W 82 minucie Przybecki po solowej akcji soczystym uderzeniem z dystansu dopiął swego. A pięć minut potem jeszcze piękniej zza pola karnego uderzył Tomasz Foszmańczyk. Zanim piłka wpadła do siatki odbiła się jeszcze od poprzeczki. Po chwili Foszmańczyk mógł dać Ruchowi prowadzenie ale przegrał pojedynek z golkiperem Zagłębia. Tymczasem będący przed Łukaszem Skorupskim, trzecim testowanym bramkarzem, Andrzej Niewulis, naciskany przez Bernasia, dał cieszyć się z czwartej bramki gospodarzom, kierując pechowo piłkę do własnej siatki.
Choć do końca meczu pozostała zaledwie minuta, Ruch ruszył z naporem, i gdyby nie brak skuteczności mógł ten mecz nawet wygrać. Znakomitych sytuacji w ciągu kilkudziesięciu sekund nie wykorzystali jednak Mateusz Mak, Damian Kaciczak i Piotr Giel.

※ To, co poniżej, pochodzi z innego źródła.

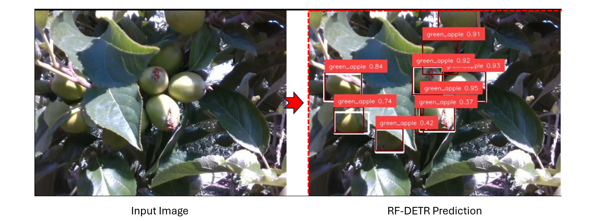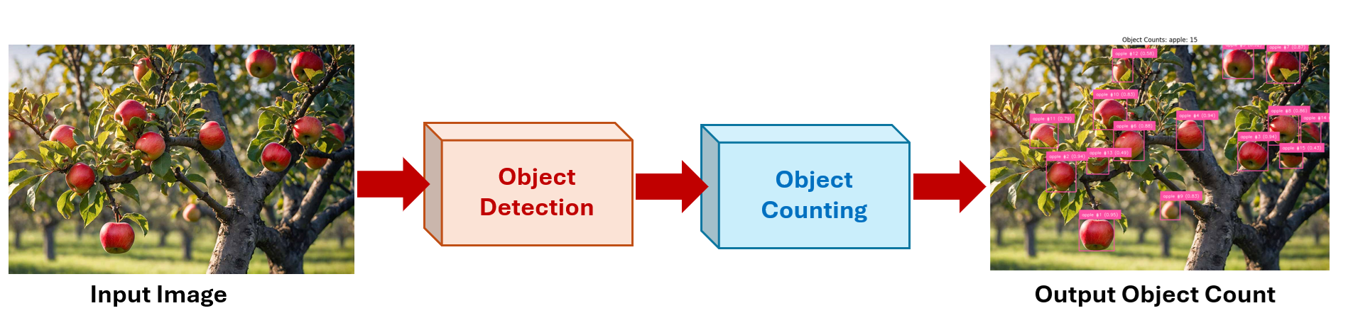 Think of it like the farmer example from the introduction, the farmer points the camera at an apple tree, and the system instantly counts how many apples are currently visible.
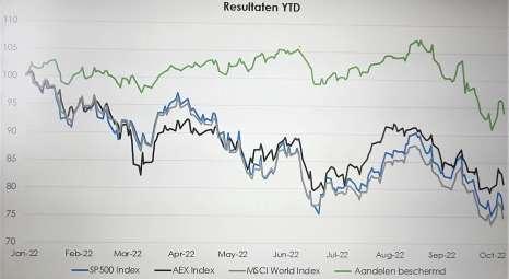 goedemogelijkheden,vindtVerkamman Hijiszelfzeertesprekenoverver mogensbeheermetbescherming „Dat dektneerwaartsebeursrisico’s,zoals crashes,grotendeelsaf.Deportefeuille komtbijherstelvandemarktsnellerin deplusdanbijtraditioneelvermogens beheer Ziedegrafiek(stand:10-10-2022): SP500: 23.64%;AEX:-18.90%;MSCI World:-25.19%;aandelenbeschermd: -5.87%.Hetgevolgvanvermogensbeheer metbeschermingisdus:hogerrende mentoplangetermijnenmeerrust.Blijf opkoersmetBeleggen+.”
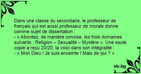 Dans une classe du secondaire, le professeur de français qui est aussi professeur de morale donne comme sujet de dissertation :
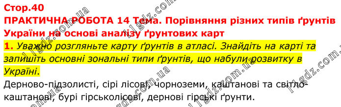ПРАКТИЧНА РОБОТА 14 Тема. Порівняння різних типів ґрунтів України на основі аналізу ґрунтових карт 1. Уважно розгляньте карту ґрунтів в атласі. Знайдіть на карті та запишіть основні зональні типи ґрунтів, що набули розвитку в Україні. Дерново-підзолисті, сірі лісові, чорноземи, каштанові та світло-каштанові, бурі гірськолісові, дернові гірські ґрунти.
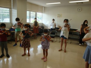 3部はキラキラ星からです。三密を避けるためマスク着用、距離をとってステージいっぱいに広がっての演奏です。
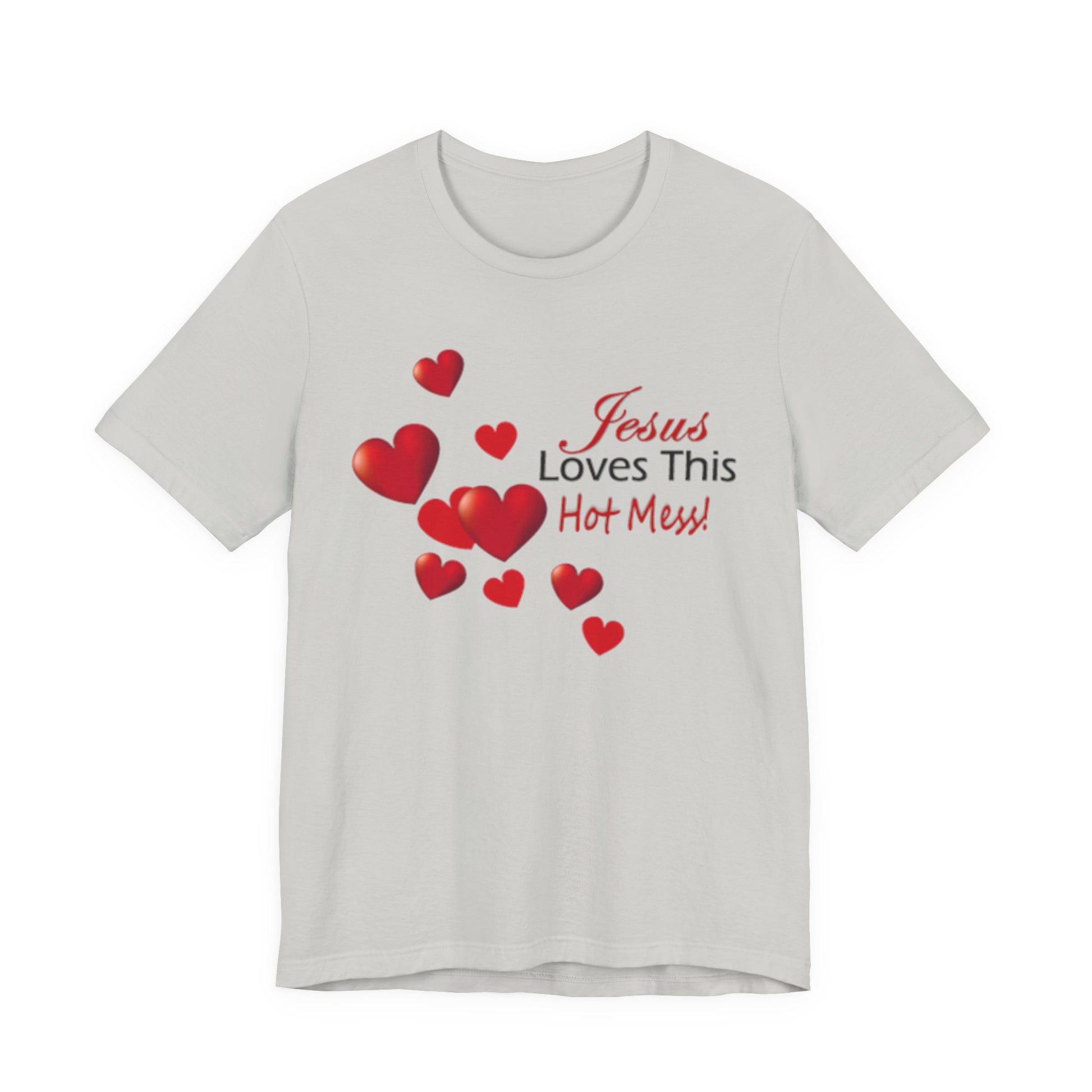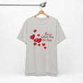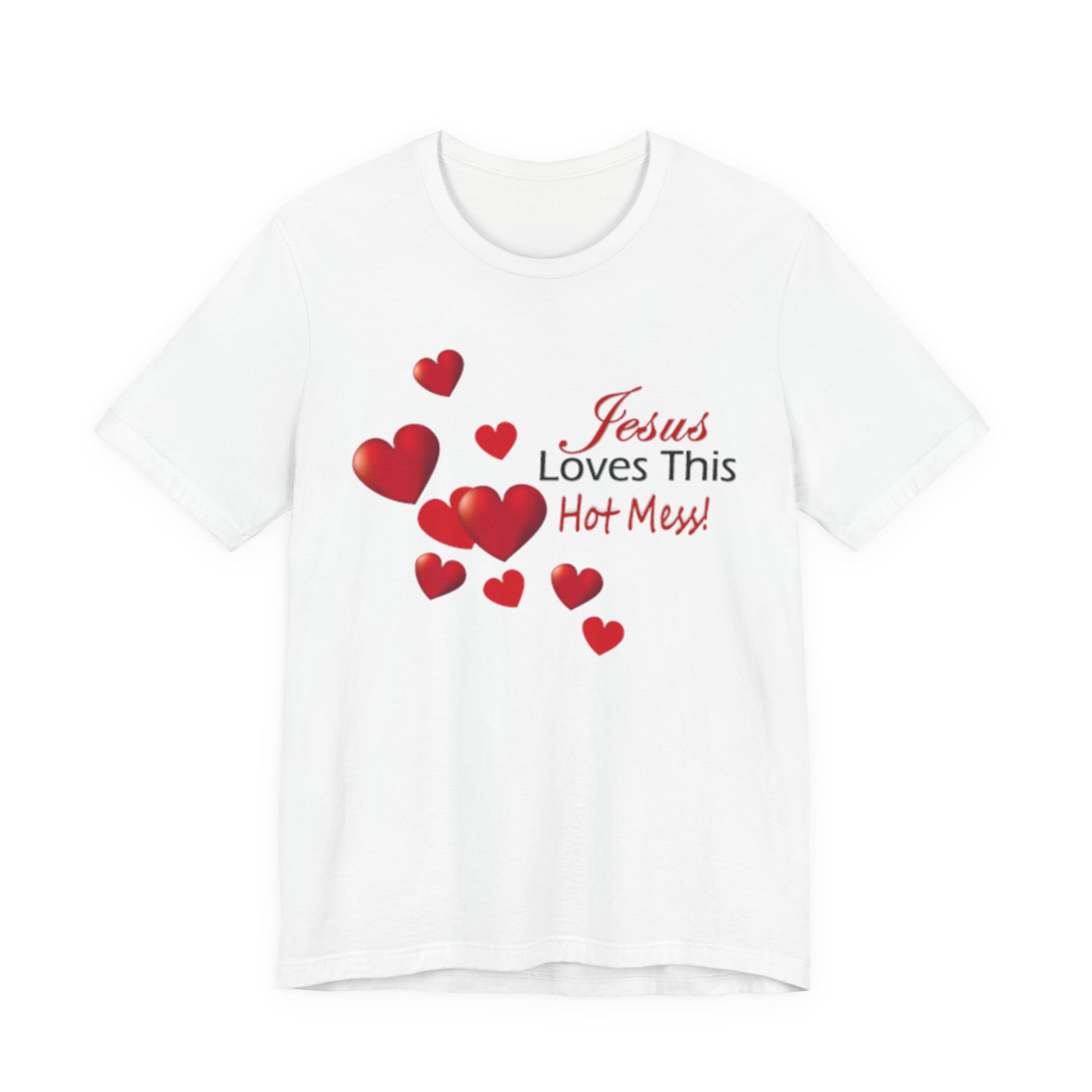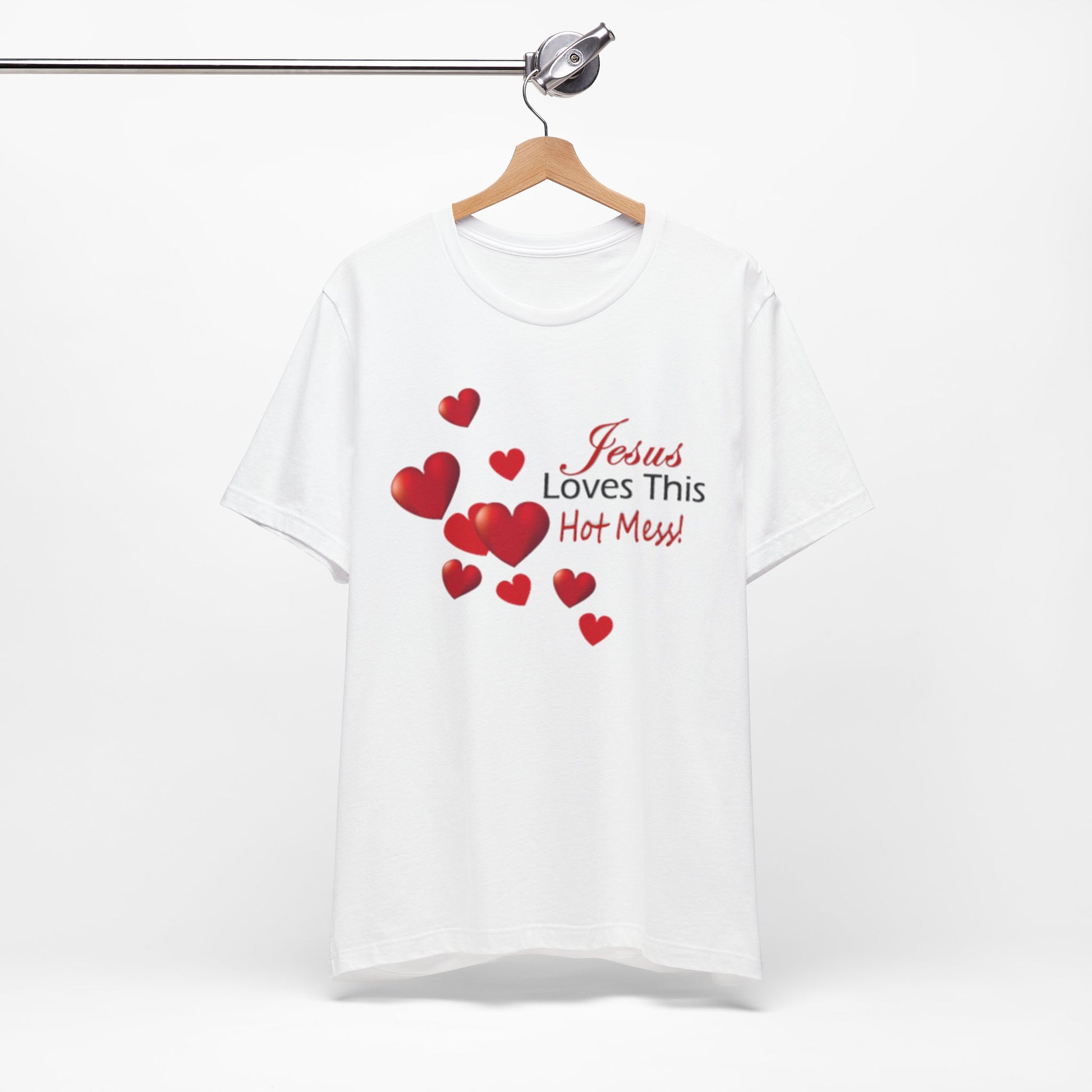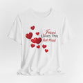 A soft, breathable jersey tee that blends faith-forward charm with everyday comfort. Lightweight Airlume combed and ring-spun cotton drapes easily and feels gentle against the skin, while side seams and shoulder tape help the shirt hold its shape through frequent wear. The front print features scattered red hearts and a warm, playful scripture-inspired message, creating a casual yet heartfelt look. Wear it layered under a denim jacket for Sunday gatherings, or solo for coffee runs, volunteer days, and relaxed evenings with friends. The crew neckline and retail fit keep the silhouette neat and versatile — a simple way to show faith with a lighthearted touch.
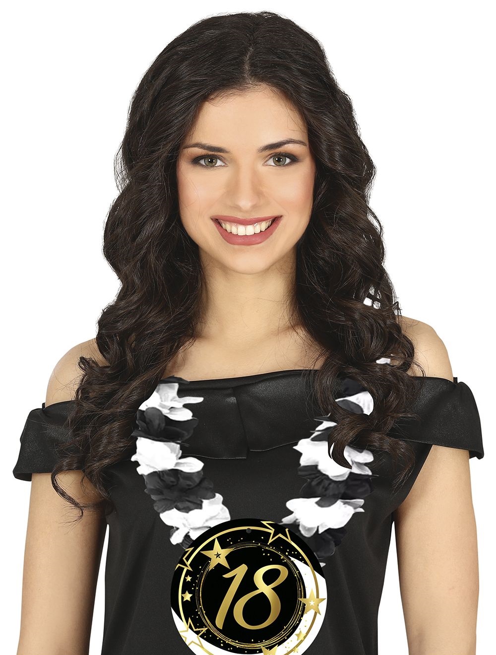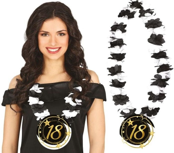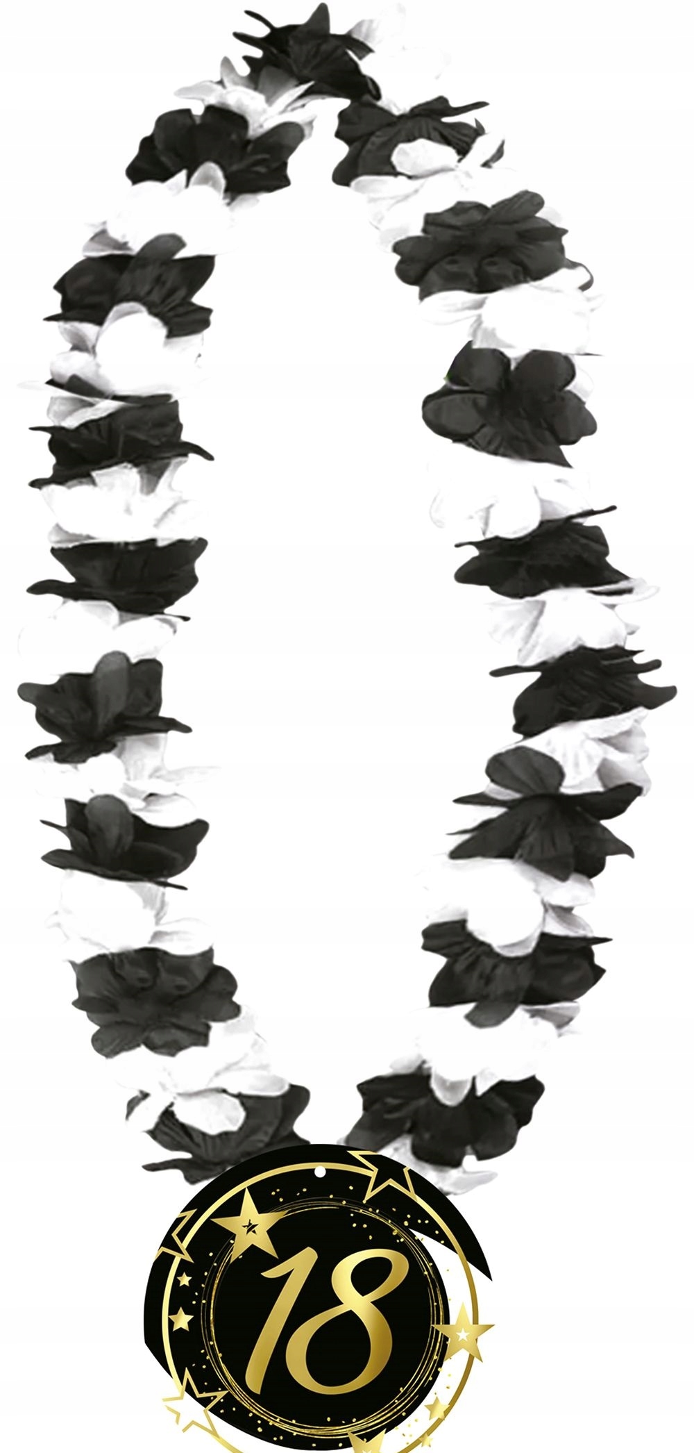 Havajska ogrlica boa črno-bele rože za 18. rojstni dan osemnajst, 300 cm Celoten opis

W zespole trenera Artura Skowronka sprawdzani dziś byli trzej bramkarza: Suchański (Orzeł Pasry/Babienica), Laskowski (Polonia Słubice) i Skorupski (Górnika Zabrze), oraz obrońcy Kopacz (Górnika Zabrze),  Sikorski (Karpaty Krosno) i napastnicy Łukasz Janczarek (LZS Leśnica) i Marcin Sobczak (jesienią grecki Zákynthos).

Sparing, Sosnowiec, 15 stycznia 2010, godz: 11:00
ZAGŁĘBIE SOSNOWIEC – RUCH RADZIONKÓW 4:3 (2:1)
0:1 – Jarka ‘9
1:1 – Lachowski ’32
2:1 – Madej ’39
3:1 – Jeremicz ’60
3:2 – Przybecki ’82
3:3 – Foszmańczyk ’87
4:3 – Niewulis ’89 (samobójcza)

Zagłębie Sosnowiec: Miszczuk – Bednar (46′ Strojek), Madej (46′ Grabowski), Jarczyk (46′ Białek), Łuczywek (46′ Markiewicz) – Posmyk (46′ Napora), Sierczyński (46′ Białas), Markowski (46′ Cyganek), Filipowicz (46′ Jeremicz) – Lachowski (46′ Grunt), Suker (46′ Gryboś, 81′ Bernaś).

Ruch Radzionków: Suchański (31′ Laskowski, 60′ Skorupski) – Trzcionka, Kopacz (79′ Kaciczak), Szymura (46′ Niewulis), Sikorski (60′ Gajewski, 70′ Przybecki) – Beliančin (46′ Paweł Giel), Michał Mak (46′ Mateusz Mak), Foszmańczyk – Jarka (46′ Piotr Giel), Janczarek (46′ Sobczak), Cieluch (46′ Łopuch). Trener: Skowronek.